_Record excerpts_
▶

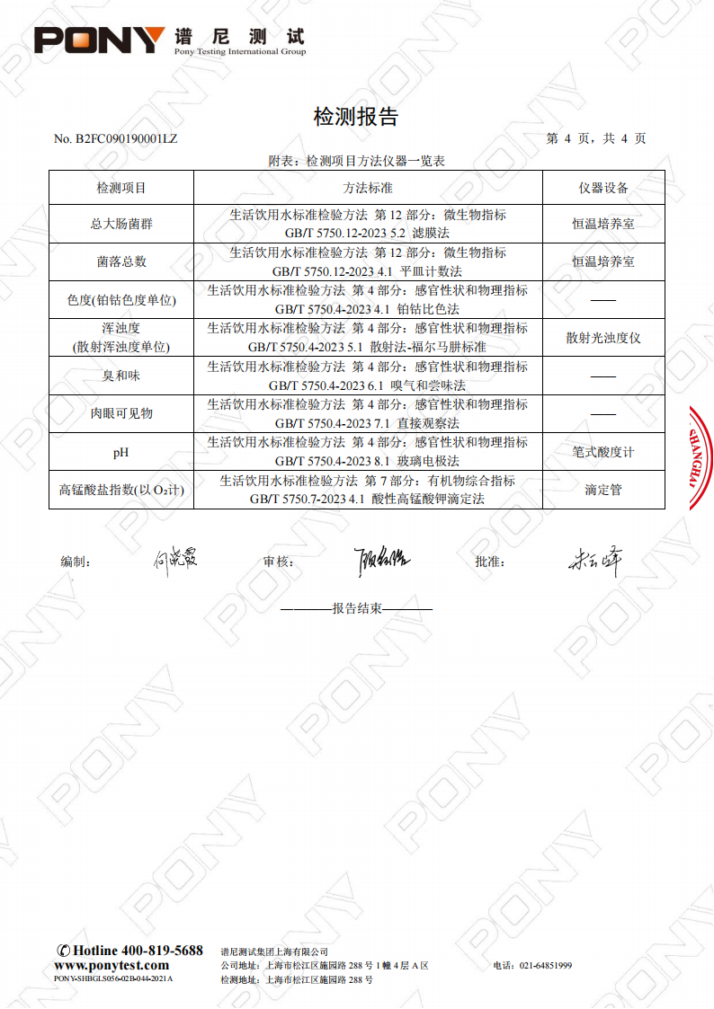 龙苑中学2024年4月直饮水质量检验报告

◀
▶

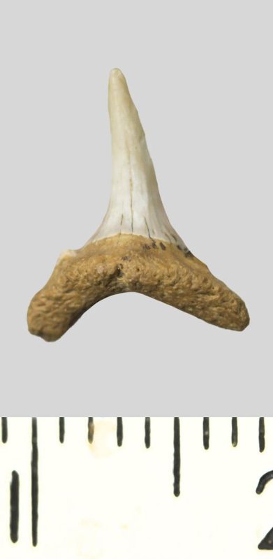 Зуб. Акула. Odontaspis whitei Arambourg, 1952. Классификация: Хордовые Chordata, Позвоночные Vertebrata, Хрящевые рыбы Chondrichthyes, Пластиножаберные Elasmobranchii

◀
▶

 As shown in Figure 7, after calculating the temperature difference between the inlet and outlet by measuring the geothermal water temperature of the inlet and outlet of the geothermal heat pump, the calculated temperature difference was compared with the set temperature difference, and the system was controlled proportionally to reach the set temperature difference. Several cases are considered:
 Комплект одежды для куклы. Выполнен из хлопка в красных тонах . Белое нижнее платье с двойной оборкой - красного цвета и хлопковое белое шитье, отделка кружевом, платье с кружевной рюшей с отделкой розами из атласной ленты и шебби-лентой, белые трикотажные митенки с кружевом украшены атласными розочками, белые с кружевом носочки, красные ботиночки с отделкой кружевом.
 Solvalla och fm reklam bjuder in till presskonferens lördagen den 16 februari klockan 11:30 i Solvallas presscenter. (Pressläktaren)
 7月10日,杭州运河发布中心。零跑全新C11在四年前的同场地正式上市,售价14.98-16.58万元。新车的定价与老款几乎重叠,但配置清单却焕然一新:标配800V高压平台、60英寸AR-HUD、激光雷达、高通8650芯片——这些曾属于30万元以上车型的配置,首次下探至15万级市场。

◀

_Problem requirements_
Beginning with the line that has "Solvalla och fm" and ending with the line that has "7月10日,杭州运河发布中心", set down the lines above exactly and include no others.

_Task answer_
 Solvalla och fm reklam bjuder in till presskonferens lördagen den 16 februari klockan 11:30 i Solvallas presscenter. (Pressläktaren)
 7月10日,杭州运河发布中心。零跑全新C11在四年前的同场地正式上市,售价14.98-16.58万元。新车的定价与老款几乎重叠,但配置清单却焕然一新:标配800V高压平台、60英寸AR-HUD、激光雷达、高通8650芯片——这些曾属于30万元以上车型的配置,首次下探至15万级市场。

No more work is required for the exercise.